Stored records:
□ □ □
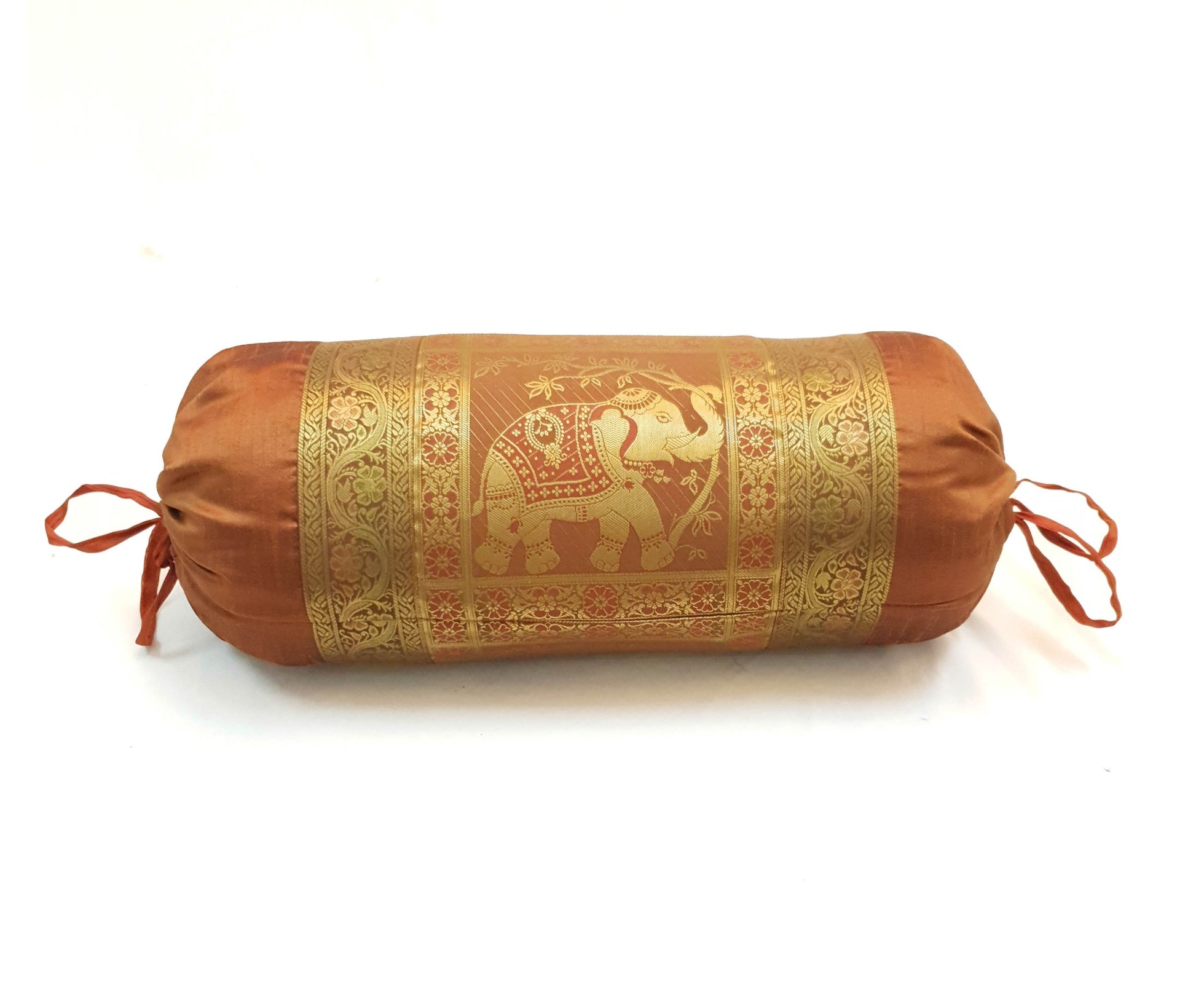 Banarasi Vastra Presents Indian Art Silk Woven Zari Brocade Banarasi Bolster Cover in Elephant Pattern . this Cover comes with Matching color Back lining fabric with Hidden Drawstring which allow you to insert the Bolster Pillow. The base color of the cover is Brown.
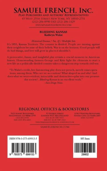 Historical DramaCharacters: 3 male, 2 femaleIt's 1855, Kansas Territory. The country is divided. People are turning against their neighbors because of their beliefs. War is on the horizon. Good people will do bad things and love will grow in places it shouldn't. A provocative, funny and insightful play revisits a crucial moment in American history. Homesteading farmers George and Kitty fight the elements to start a new life as a politically divided country takes a dangerous step to
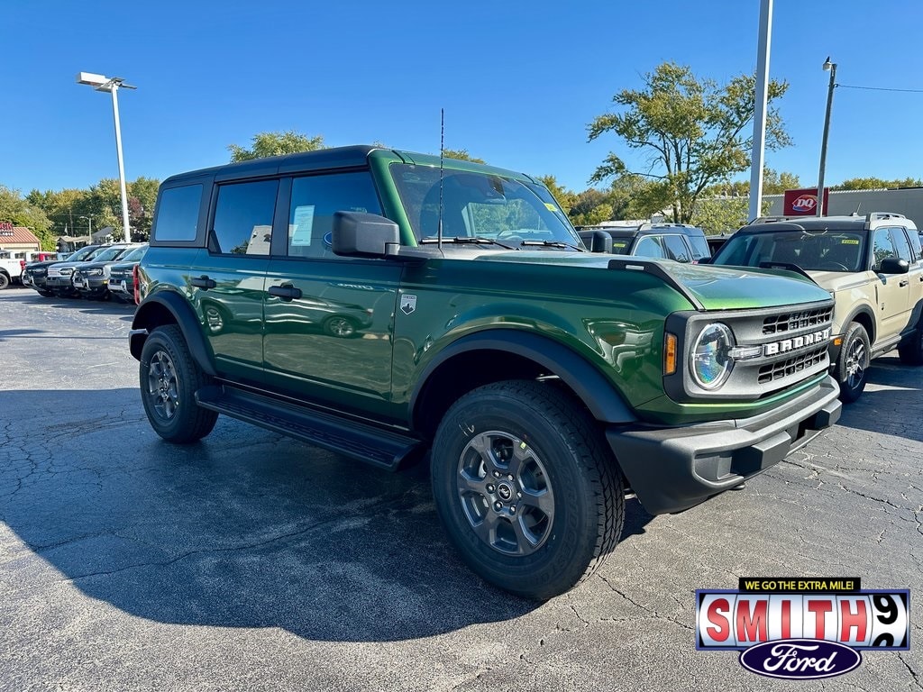 2025 Ford Bronco Big Bend 4D Sport Utility Eruption Green Metallic 4WD 10-Speed Automatic 2.3L EcoBoost I-4 2-Door Intelligent Access w/Lock/Unlock, Ambient Footwell Lighting, Carbonized Gray Molded-In-Color Hard Top, Connected Navigation, Dr & Pass Illuminated Sliding Visor Vanity Mirrors, Dual Smart Charging USB Ports, Dual-Zone Electronic Automatic Temperature Control, Equipment Group 222A Mid Package, Front Row Heated Seats, Power Outlet - Back Side of Center Floor Console, Rear Parking Sensors, Rear-Window Defroster & Washer, Side Step.
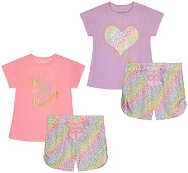 Sleep On It Girls Pajamas Short Sets 4 Piece Tank Top and Short Sleeve Summer Sleepwear for Kids (2 Full Sets)
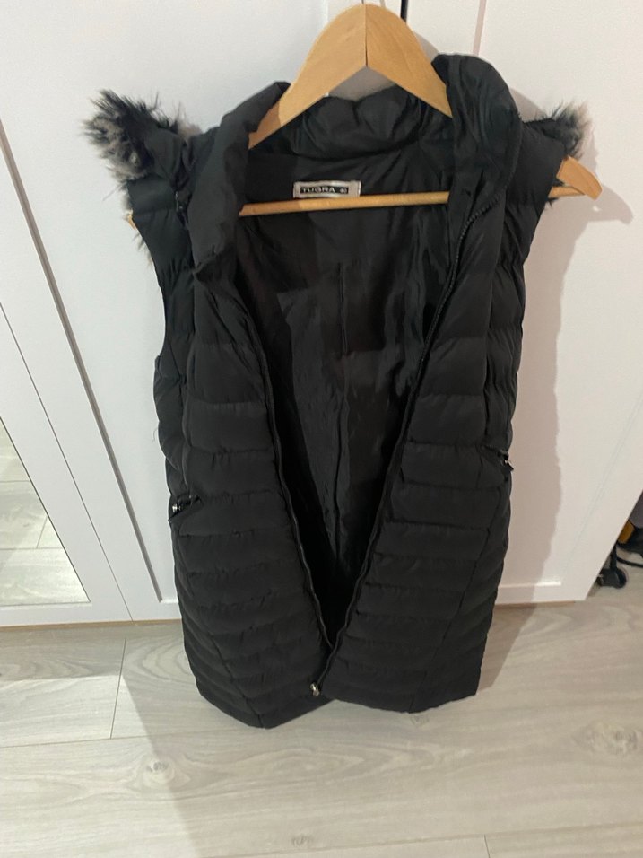 Siyah renkte, kapüşonlu ve kürklü detaylara sahip, yüksek yakalı, kolsuz ve dar kesim kadın yelek. Rahat ve şık bir dış giyim parçası. 38-40 beden sadece şapkasında küçük bir yırtık var
□ □ □
Pictures aside, return all the entries above exactly.

 Banarasi Vastra Presents Indian Art Silk Woven Zari Brocade Banarasi Bolster Cover in Elephant Pattern . this Cover comes with Matching color Back lining fabric with Hidden Drawstring which allow you to insert the Bolster Pillow. The base color of the cover is Brown.
 Historical DramaCharacters: 3 male, 2 femaleIt's 1855, Kansas Territory. The country is divided. People are turning against their neighbors because of their beliefs. War is on the horizon. Good people will do bad things and love will grow in places it shouldn't. A provocative, funny and insightful play revisits a crucial moment in American history. Homesteading farmers George and Kitty fight the elements to start a new life as a politically divided country takes a dangerous step to
 2025 Ford Bronco Big Bend 4D Sport Utility Eruption Green Metallic 4WD 10-Speed Automatic 2.3L EcoBoost I-4 2-Door Intelligent Access w/Lock/Unlock, Ambient Footwell Lighting, Carbonized Gray Molded-In-Color Hard Top, Connected Navigation, Dr & Pass Illuminated Sliding Visor Vanity Mirrors, Dual Smart Charging USB Ports, Dual-Zone Electronic Automatic Temperature Control, Equipment Group 222A Mid Package, Front Row Heated Seats, Power Outlet - Back Side of Center Floor Console, Rear Parking Sensors, Rear-Window Defroster & Washer, Side Step.
 Sleep On It Girls Pajamas Short Sets 4 Piece Tank Top and Short Sleeve Summer Sleepwear for Kids (2 Full Sets)
 Siyah renkte, kapüşonlu ve kürklü detaylara sahip, yüksek yakalı, kolsuz ve dar kesim kadın yelek. Rahat ve şık bir dış giyim parçası. 38-40 beden sadece şapkasında küçük bir yırtık var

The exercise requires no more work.